На следующее утро, точно в назначенный ему час, инспектор Гурель явился в «Палас-отель». Не останавливаясь и не дожидаясь лифта, он поднялся по лестнице. На четвертом этаже свернул направо, проследовал по коридору и, подойдя к номеру 415, стал звонить в дверь.

Не услышав в ответ ни звука, он позвонил снова. После полдюжины бесплодных попыток он направился к метрдотелю.

– Будьте любезны, мне нужен господин Кессельбах… Я уже раз десять звонил в его дверь.

– Господин Кессельбах не ночевал здесь. Мы не видели его со вчерашнего дня.

– А его слуга, его секретарь?

– Их мы тоже не видели.

– В таком случае они тоже не ночевали в отеле?

– Вероятно.

– Вероятно! Но вы должны быть уверены.

– Почему? Господин Кессельбах не постоялец отеля, он проживает в своих частных апартаментах. Его обслуживаем не мы, а его слуга, и мы ничего не знаем о том, что у него происходит.

– В самом деле… В самом деле…

Гурель, похоже, был сильно озадачен. Он пришел с точными указаниями, с определенным заданием, в рамках которого мог действовать. За пределами этих рамок он не знал, что ему делать.

– Если бы шеф был здесь… – прошептал он, – если бы шеф был здесь…

Он показал свое удостоверение и назвал свою должность. Потом на всякий случай спросил:

– Значит, вы не видели, как они возвращались?

– Нет.

– Но вы видели, как они выходили?

– Тоже нет.

– Откуда же вы в таком случае знаете, что они вышли?

– От господина, который вчера после полудня приходил в четыреста пятнадцатый.

– Господин с черными усами?

– Да. Я встретил его около трех часов, когда он уходил. Он сказал мне: «Господа из четыреста пятнадцатого только что ушли. Господин Кессельбах будет ночевать сегодня в Версале, в отеле «Резервуары», куда вы можете пересылать его корреспонденцию.

– Но кто был этот господин? От чьего имени он говорил?

– Этого я не знаю.

Гурель был обеспокоен. Все это казалось ему довольно странным.

– У вас есть ключ?

– Нет. Господин Кессельбах заказал специальные ключи.

– Пойдемте посмотрим.

Гурель снова отчаянно позвонил в дверь. Никакого ответа. Он собирался было уйти, но вдруг, поспешно наклонившись, приложил ухо к замочной скважине.

– Прислушайтесь… Можно подумать… Ну конечно… Это вполне отчетливо… Жалобы… Стоны…

Он изо всех сил ударил в дверь кулаком.

– Но, сударь, вы не имеете права…

– Я не имею права?

Он стал бить в дверь еще сильнее, но без всякого результата.

– Скорее, скорее зовите слесаря!

Один из служащих помчался за слесарем.
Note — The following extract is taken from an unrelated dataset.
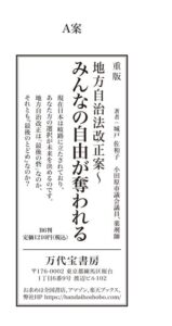 城戸 佐和子 著 B6版 130頁 2024年3月1日に閣議決定をした「地方自治法改正案」からも、日本が危機に直面し、日本人から自由が奪われていくその危険性を強く感じます。これまで何があっても希望はあると常にお伝えしてきた私の論拠として、独自性を体現できる、最後の砦となる地方自治体の存在がありました。しかし今、それすらも奪わ…
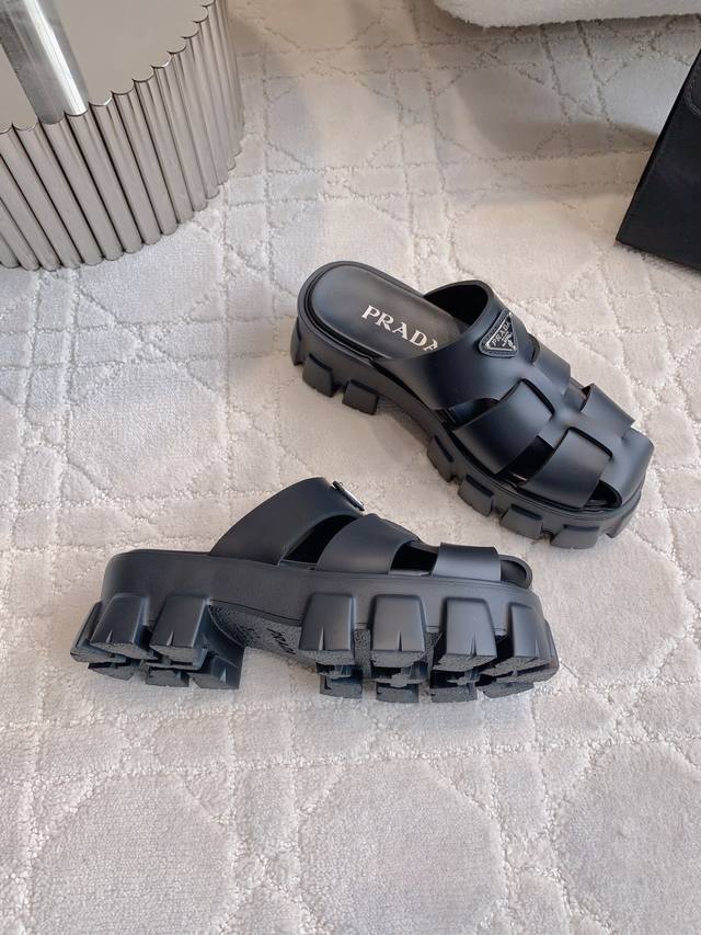 Prad*新款三角标厚底凉拖鞋 经典Logo装饰尽显精致 厚底设计拉长腿部线条 脚感超级柔软舒适

Гурель ходил взад и вперед, шумливый и нерешительный. Слуги с других этажей собрались в коридоре. Прибыли люди из администрации, из дирекции. Гурель, не выдержав, воскликнул:

– Но почему нельзя войти через прилегающие комнаты? Они соединяются с апартаментом?

– Да, но двери между ними всегда заперты с двух сторон.

– В таком случае я звоню в Уголовную полицию, – заявил Гурель, для которого, по всей видимости, не существовало иного спасения, кроме как обратиться к своему шефу.

– И в комиссариат, – заметил кто-то.

– Да, если хотите, – ответил Гурель тоном человека, которого такая формальность мало интересует.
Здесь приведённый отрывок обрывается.